## Data to examine:

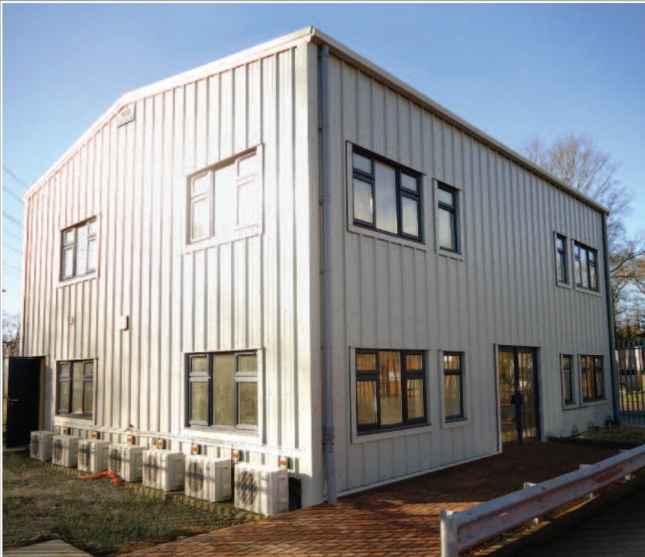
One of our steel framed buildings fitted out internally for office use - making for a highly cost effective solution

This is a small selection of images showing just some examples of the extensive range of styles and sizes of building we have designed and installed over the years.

==

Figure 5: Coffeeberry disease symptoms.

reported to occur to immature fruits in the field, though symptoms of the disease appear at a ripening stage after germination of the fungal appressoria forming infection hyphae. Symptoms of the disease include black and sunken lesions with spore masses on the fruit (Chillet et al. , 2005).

## What this task involves:
All of the lines above that carry the string "disease" need to be found and copied.

## Reply to the task:
Figure 5: Coffeeberry disease symptoms.
reported to occur to immature fruits in the field, though symptoms of the disease appear at a ripening stage after germination of the fungal appressoria forming infection hyphae. Symptoms of the disease include black and sunken lesions with spore masses on the fruit (Chillet et al. , 2005).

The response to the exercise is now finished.